41. The method of any one of claims 36-40, wherein the neoplastic disorder is a cancer selected from the group consisting of breast cancer, pancreatic cancer, ovarian cancer, colorectal cancer, esophageal cancer, lung cancer, head cancer, neck cancer, gastric cancer and epithelial cancer.
42. The method of any one of claims 36-40, further comprising administering to the mammalian subject a standard of care antineoplastic therapy.
43. The method of claim 42, wherein the antineoplastic therapy is selected from the group consisting of a standard of care chemo therapeutic, a standard of care radiotherapeutic, or a standard of care radiation regimen for the neoplastic disorder.
44. A method of stimulating p53-mediated apoptosis in a cell, comprising contacting the cell with the composition according to claim 30 in an amount effective to stimulate p53-mediated apoptosis in the cell.
45. The method of claim 44, wherein the cell expresses wild type p53.
46. A method of selecting a therapeutic regimen for a subject comprising
(a) identifying a subject as having neoplastic disorder characterized by increased expression of an iASPP polypeptide; and
(b) administering to the subject the composition according to claim 30.
47. The method of claim 46, wherein the identifying step comprises screening a biological sample from the subject for increased expression of the iASPP polypeptide.
48. The method of claim 47, wherein the screening comprises comparing expression of iASPP in cells from the sample with expression of iASPP from healthy cells of the same type as the cells in the sample, wherein increased expression of the iASPP in cells from the sample compared to the expression of the iASPP in cells from the healthy cells indicates that the cell is characterized by increased expression of iASPP.
49. A method of treating a condition associated with tumor cell growth in a subject comprising administering to said subject a therapeutically effective amount of a combination therapy comprising agents selected from the group consisting of:
(a) a composition according to claim 30; and
(b) a standard of care anti-neoplastic therapy.
50. The method of claim 49, wherein the antineoplastic therapy is selected from the group consisting of a standard of care chemo therapeutic, a standard of care radiotherapeutic, or a standard of care radiation regimen for the neoplastic disorder.
51. The method of claim 49, wherein the agent(s) are administered in amounts effective to inhibit neoplastic cell growth in the subject.
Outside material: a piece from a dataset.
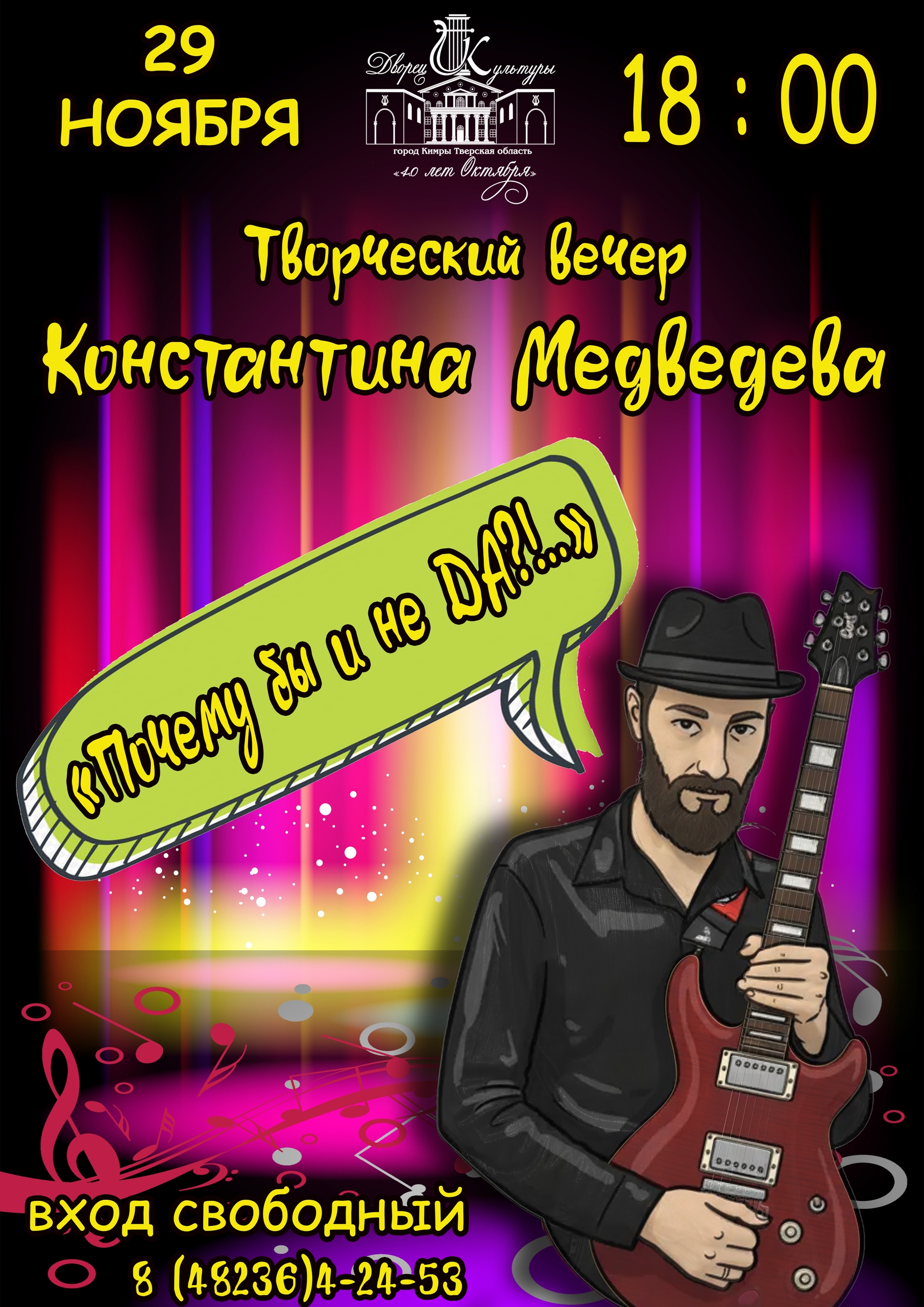 29 ноября в 18:00 на сцене Дворца культуры «40 лет Октября» состоится творческий музыкальный вечер Константина Медведева «Почему бы и не ДА?!...».

52. A method of screening for a modulator of binding of iASPP with an iASPP binding partner, comprising:
(a) contacting an iASPP polypeptide comprising a structure defined by the structural coordinates provided in Table 1 with an iASPP binding partner, in the presence and absence of a test compound, under conditions in which the binding partner binds with the iASPP polypeptide; wherein the binding partner comprises a member selected from the group consisting of p53, p63 and p73;
(b) comparing binding between said iASPP polypeptide and the binding partner in the presence and absence of the test compound, wherein increased binding identifies the test
compound as an agonist of binding, and decreased binding identifies the test compound as an antagonist of binding.
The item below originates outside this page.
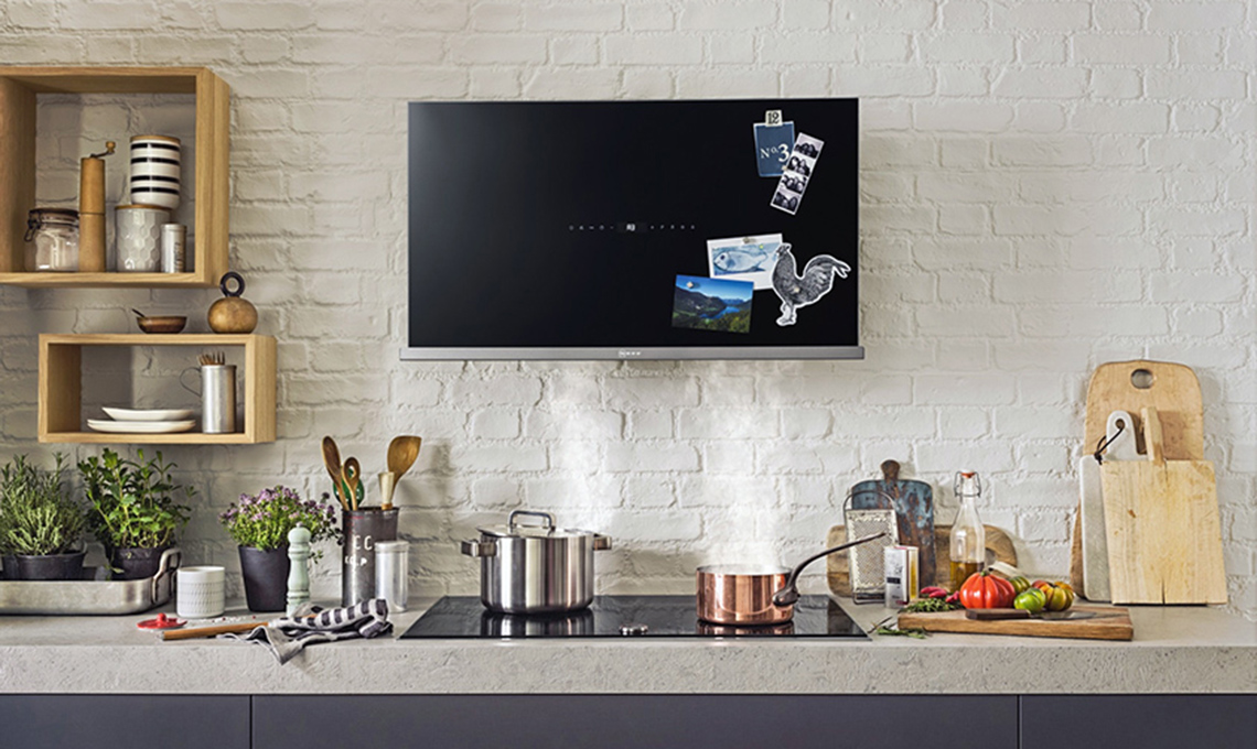 Con i comandi del piano cottura a induzione Flexinduction T59TS5RN0 Neff, accendi, spegni, aumenti o diminuisci la potenza di aspirazione anche della cappa, senza distogliere l’attenzione da quello che stai cucinando. Merito del comando magnetico TwistPad® Fire. La cappa DesignCreative, compatibile, ha superficie magnetica e scrivibile, per gli appunti.

53. A computer-based method for the analysis of the interaction of a molecular structure with an iASPP structure, the method comprising
(a) fitting a molecular structure to an iASPP structure defined by the structural coordinates identified in Table 1 or selected coordinates thereof, wherein the iASPP structure is optionally varied by a root square mean deviation of not more that 1.2A, and
(b) determining at least one interaction between an atom of said iASPP structure and said molecular structure.
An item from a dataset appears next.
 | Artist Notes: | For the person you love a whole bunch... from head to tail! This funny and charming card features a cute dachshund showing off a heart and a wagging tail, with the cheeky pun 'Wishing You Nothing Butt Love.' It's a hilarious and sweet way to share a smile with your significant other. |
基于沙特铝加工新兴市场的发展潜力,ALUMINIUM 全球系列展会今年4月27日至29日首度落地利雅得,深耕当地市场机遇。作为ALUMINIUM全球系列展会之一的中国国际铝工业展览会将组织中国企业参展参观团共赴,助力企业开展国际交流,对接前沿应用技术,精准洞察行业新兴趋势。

54. A computer-based method of rational drug design comprising:
(a) fitting structure of at least two molecular fragments to an iASPP structure defined by the structural coordinates identified in Table 1 or selected coordinates thereof, wherein the iASPP structure is optionally varied by a root square mean deviation of not more that 1.2A, and
(b) assembling the fitted molecular structure fragments into a single molecule to form a single molecular structure.
55. The method of claim 53 or 54, wherein said selected coordinates of the iASPP structure include atoms from one or more of the amino acid residues identified in Table
3.
56. The method of any one of claims 53-55, wherein the selected coordinates comprise at least 5 atoms.
57. The method of any one of claims 53-56, wherein said molecular structure comprises at least two atoms that are located in the same relative spatial orientation to each other and are of the same elements as a corresponding number of atoms found in any of the amino acids identified in Table 4.
58. The method of claim 57, wherein the atoms are selected from the atoms identified in Table 5.
59. The method of claim 58, wherein said atoms of Table 5 include at least twp atoms that contact iASPP residues via hydrogen bonds.
60. The method of any one of claims 53-59, wherein the molecular structure is in the form of a pharmacophore.
61. The method of any one of claims 53-60, wherein the iASPP structure is a model constructed from all or a portion of the coordinates of Table 1, optionally varied by a root mean square deviation of not more than 0.5A.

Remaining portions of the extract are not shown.